**Data segment:**
◇ ◇ ◇ ◇ ◇

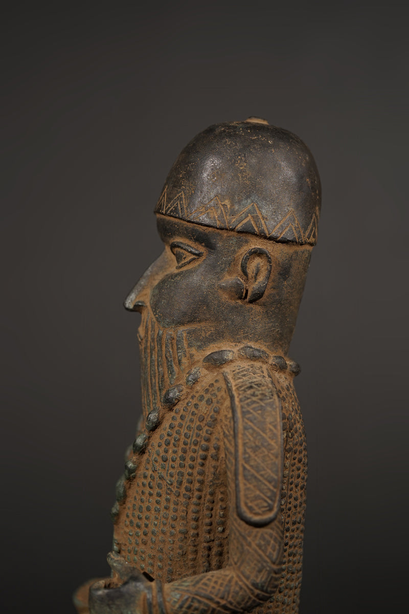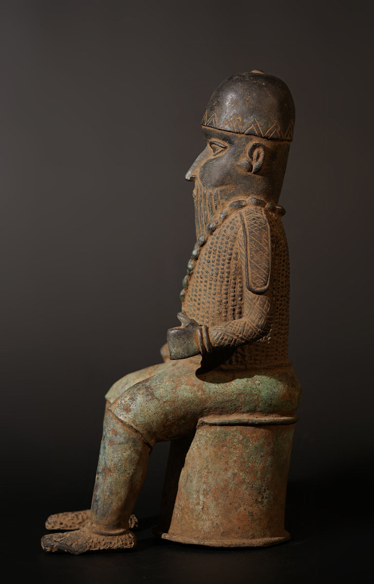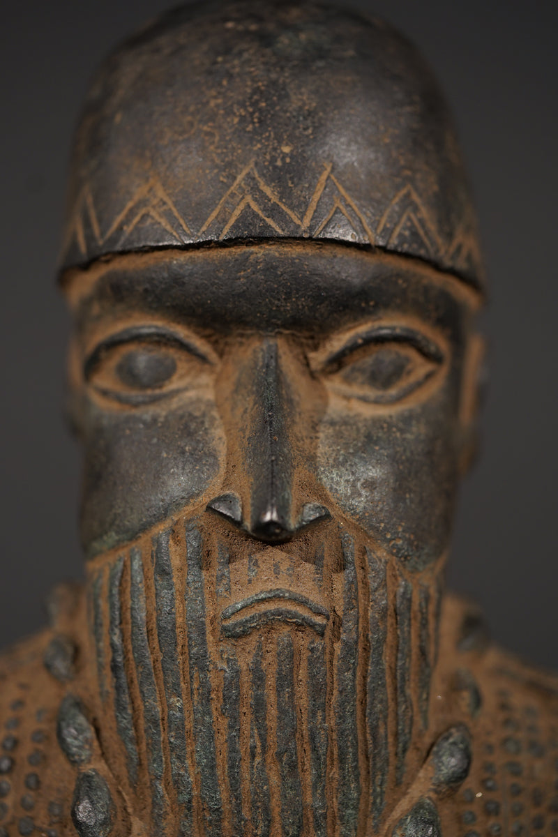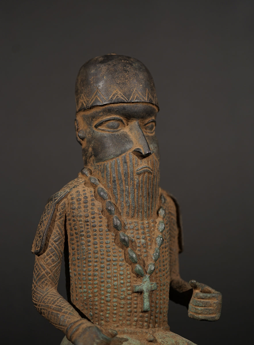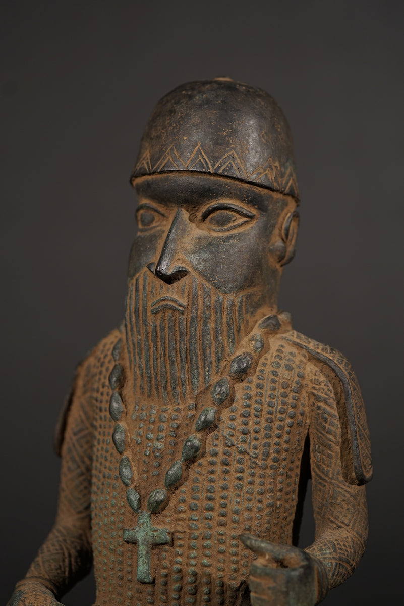 This striking Bronze in the style of Benin, represents an upright sitting Portuguese soldier. He wears a finely worked chain armour with shoulder protection over a shirt decorated with large and small squares, knee-length trousers and low shoes. Around his neck hangs a rosary-like thick chain with a cross. His left hand is closed around an object which is lost, the right hand holds a musket whose barrel has broken off. The buttocks of the soldier are outstretching and he is sitting on a cylindrical chair with a "here I am and here I will stay" habit. On his head sits a round helmet with zigzag decoration at the edge. The Portuguese has a full beard, which reaches from the nostrils down to the chest. The mouth with the grimly drawn-down corners looks as if it is set on the beard, which only underlines the sinister expression. The nose is long and sharp-edged with a pointed end, the eyes are bordered by bulging eyelids and the small, close-fitting ears are set wide at the back of the head. The soldier has a bull's neck and under the helmet no hair sticks out. The artist has really used all physiognomic means to make the Portuguese soldier look powerful and imperious - and not exactly likeable; greenish oxidised patina of different encrusted layers; TL Analysis 500 years (+/-18,5 percent)
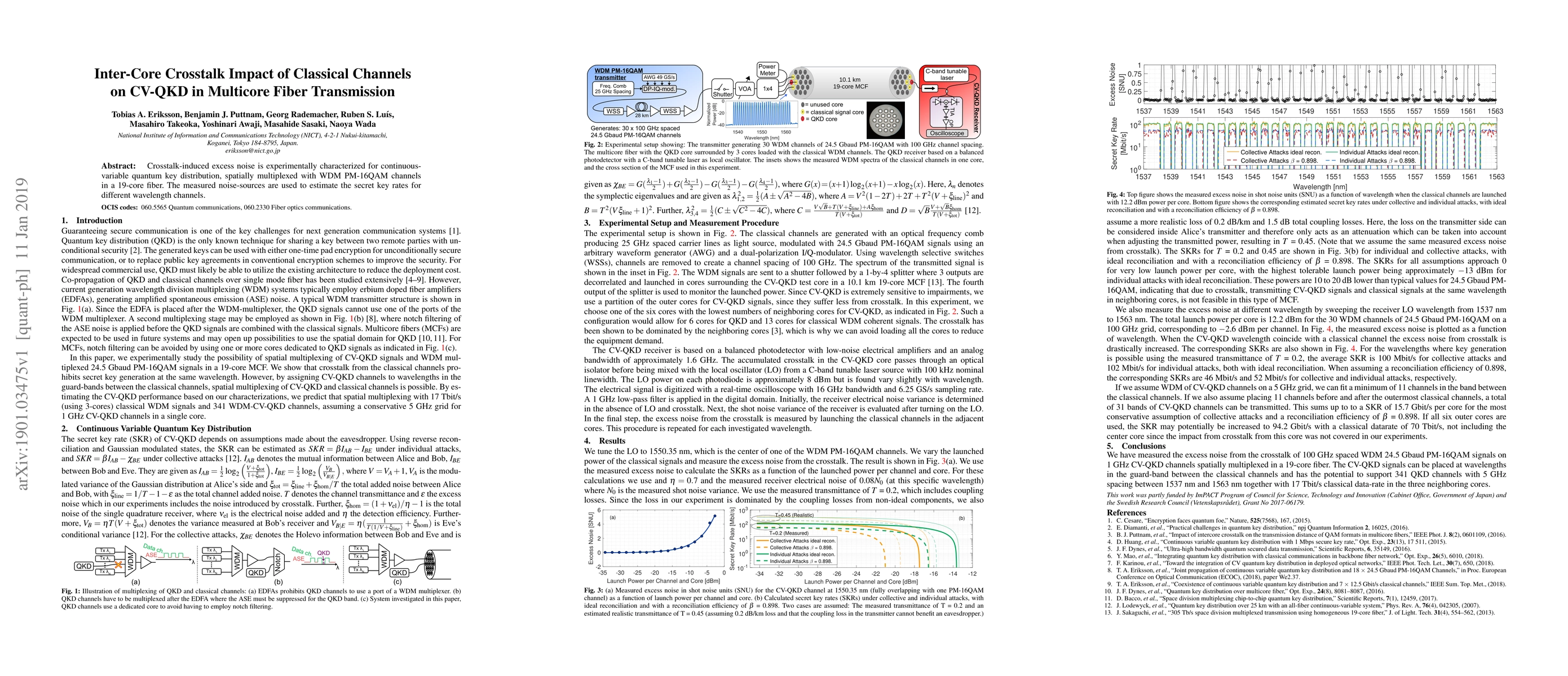 This paper experimentally characterizes crosstalk-induced noise in continuous-variable quantum key distribution (CV-QKD) over a 19-core fiber with wavelength-division multiplexing (WDM) PM-16QAM channels. The study estimates secret key rates for different channels based on the measured noise sources.
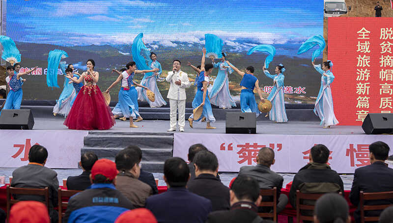? ? 開幕式由中共槎水鎮(zhèn)委員會、槎水鎮(zhèn)人民政府,潛山市文化委、市市監(jiān)局、市扶貧辦、市旅發(fā)委主辦。《又是一年菊花香》、《美麗槎水 我的故鄉(xiāng)》、《雛菊花》、《 物華天寶 》等歌、舞、情景劇充分展現(xiàn)槎水鄉(xiāng)村生活風(fēng)情、自然與文化魅力、山區(qū)群眾奮斗在新時代以及經(jīng)濟(jì)發(fā)展成就。一個又一個接地氣的節(jié)目,讓觀眾們看了十分過癮,掌聲不斷。

◇ ◇ ◇ ◇ ◇

**What the task requires:**
Output nothing but the lines from the one containing "This paper experimentally" to the end of the listing, both ends included, reproduced exactly. Pictures stay out.

**Solution below:**
 This paper experimentally characterizes crosstalk-induced noise in continuous-variable quantum key distribution (CV-QKD) over a 19-core fiber with wavelength-division multiplexing (WDM) PM-16QAM channels. The study estimates secret key rates for different channels based on the measured noise sources.
? ? 開幕式由中共槎水鎮(zhèn)委員會、槎水鎮(zhèn)人民政府,潛山市文化委、市市監(jiān)局、市扶貧辦、市旅發(fā)委主辦。《又是一年菊花香》、《美麗槎水 我的故鄉(xiāng)》、《雛菊花》、《 物華天寶 》等歌、舞、情景劇充分展現(xiàn)槎水鄉(xiāng)村生活風(fēng)情、自然與文化魅力、山區(qū)群眾奮斗在新時代以及經(jīng)濟(jì)發(fā)展成就。一個又一個接地氣的節(jié)目,讓觀眾們看了十分過癮,掌聲不斷。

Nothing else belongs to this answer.